This year I won’t give in to the stress and pressure of the season.
Have you made a promise like this one yet?
We all start the Christmas season with such high hopes. But then distraction, anxiety, and obligation begin to shadow the season of light. Our to-do lists make us forget what Christmas truly celebrates. When we become distracted by our preparations, we miss the joy of giving and receiving. We tend to obsess about the physical gifts we place under the tree. Acts of love and kindness also take center stage this time of year. But, if we’re not careful, it’s easy to believe our Christmas will only have meaning if we out-give everyone else.
How did it come to this?
Let’s start with a little ice-breaker…now tell the truth—
When you host a dinner party, if someone asks, “Can I help?” — how do you respond?
Do you brush strands of hair off your sweaty forehead as you froth the words, “I’m fine! Just relax and enjoy yourself!”
Or do you gratefully ask them to remove a flaming pan from the stove as you reset the blaring fire alarms?
If your gut response is to always handle the crisis alone, your receiver might be broken. When we continually look for ways to meet everyone else’s needs, it becomes easy to think of others more and ourselves less. We feel comfortable in our role of helper as we prefer quietly taking care of others. We don’t want to expose our own vulnerability by allowing anyone to see our own needs. Our relationships begin to feel a little lopsided.
So, how do we step away from our high-pressured lists and recognize what we really want from our giving?
We know that God loves a cheerful giver (2 Corinthians). And Jesus taught it is better to give than receive (Acts 20:35), but these Scriptures shouldn’t burden us with the pressure to provide or handle things on our own. Being able to receive is a natural part of a healthy, humble spirit. A rhythm of giving and receiving keeps us balanced and nourished. God created this cadence. We are spiritually in step when we follow that God gave His Son, Jesus gave his life, and we were made to receive. Giving is so beautifully played out in the Christmas story it’s easy to miss the finer details about our roles. How we respond is a very personal reaction that is as unique as our fingerprints. We are created to make meaningful connections through both giving and receiving. How do we learn to be better receivers?
We look to the manger.
Here we see God’s model for giving and receiving based on three themes woven through the nativity. At the birth of Jesus, God gave intimately, unexpectedly, and unconditionally. Let’s look at each way and how it influences our roles as givers and receivers. When we understand this interaction is an exchange, celebrating the joy of connection, we become sacred receivers.

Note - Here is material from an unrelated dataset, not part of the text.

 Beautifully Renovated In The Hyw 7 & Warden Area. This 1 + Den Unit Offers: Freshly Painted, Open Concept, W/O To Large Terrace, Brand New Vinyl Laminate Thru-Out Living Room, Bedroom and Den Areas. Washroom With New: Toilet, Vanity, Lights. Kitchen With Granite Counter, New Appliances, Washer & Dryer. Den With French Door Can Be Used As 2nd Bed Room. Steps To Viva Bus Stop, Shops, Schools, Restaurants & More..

- God gave intimately. He saw our need for a savior, and he responded by giving Himself.
True giving is an act of love. What matters when we give is the emotion and our affection that passes on to the receiver.
The best example I can give you is the way my husband selects gifts. Because of our business, he travels to unique areas of the world. When he comes home, he usually brings me something from the outside— a gift from nature. He rarely goes into the stores and buys something. But he constantly threads a piece of his trip through the gift.

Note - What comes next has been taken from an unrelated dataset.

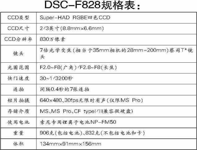 索尼DSC-F828展现了许多的新技术和功能:4原色技术、7倍光学变焦、双存储介质,以及最快1/3200秒的快门。另外,F828在手动功能的调节和内部程序软件上都作了很大的优化,使操作者更加方便和灵活控制这部机器。在成像质量方面,800万像素和“真实影像处理单元──Real Imaging Processor”提供了强大的后盾,实在是数码爱好者和摄友们的良友。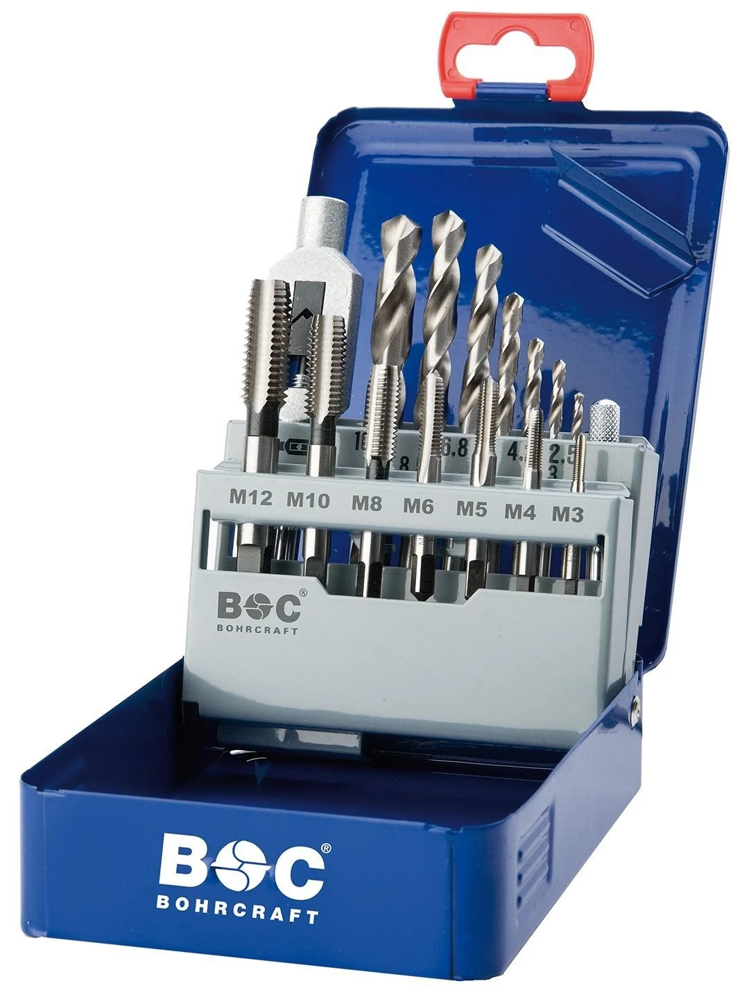 Este completo set de Bohrcraft nos permite crear roscas en láminas, segmentos, pletinas u otros elementos de metal. Al crear una rosca podemos sujetarlas con un tornillo, algo que en ocasiones puede resultarnos muy útil. Si es la primera vez que lo has hecho es sencillo: primero hay que realizar un agujero con el taladro de la medida correspondiente a la rosca que queremos crear. Después, con cuidado y sin darle mucha potencia al taladro, introducimos la broca roscadora que debe crear una rosca en el agujero. El set está compuesto por siete brocas y siete puntas roscadoras.

He just came back from Alaska. Mike knows how much I love sea glass. And so he went down to the beach, spending hours searching for pieces that washed ashore from Russia. His gift said, “I remember what’s meaningful to you. I remember how your face lights up when you find it and it makes me happy, too.”
Because I understood the sentiment in the gift, I focused on the love reflected in broken glass pieces.
When we accept a gift given in love, we see the parts of the giver threaded throughout the gift, and it becomes personal.
- God gave unexpectedly. The Israelites were looking for the Messiah, but no one predicted a baby. What a beautiful reminder that God doesn’t engage in obligation. He encourages us to trust by doing things divinely, not our way.
I never know how what Mike’s going to put in his suitcase. He never brings something home because he must. It’s always a treasure—something that he values. It’s his way of reminding me he took me with him in his mind.
My response to him is gratitude for making me a part of who he is and what’s important to him.
Many times, meaningful gifts take the receiver by surprise.
When we accept that the gift isn’t one of obligation, we can treasure it in our hearts with a sense of wonder.
- God gave unconditionally. God doesn’t attach requirements to grace. He alone earned our eternal life with Him — because we couldn’t do it alone. The ultimate gift of Jesus came to us not because we deserved it but rather God desired it.
When Mike came home with a handful of sea glass, he pulled me aside from our busy day. He didn’t hand me a list with the understanding that once the tasks were complete, I would be worthy. Instead, he set me apart. It became a moment we would never get back.
I responded by being present. I didn’t answer a ringing phone, check my email, or rescue the burning Christmas cookies in the oven. I savored our exchange.
True gifts never have an underlying motive.
When we accept a gift given unconditionally, we experience shared joy between the giver and the receiver.
Perhaps the secret to more meaningful relationships this season isn’t about how much we can give. It’s remembering the second element of meaningful exchanges…sacred receiving. A practice that deepens our relationships turning our focus back to the giver. Our gratitude overflows. And then… we can give with the heart God intended as we kneel at the foot of the manger.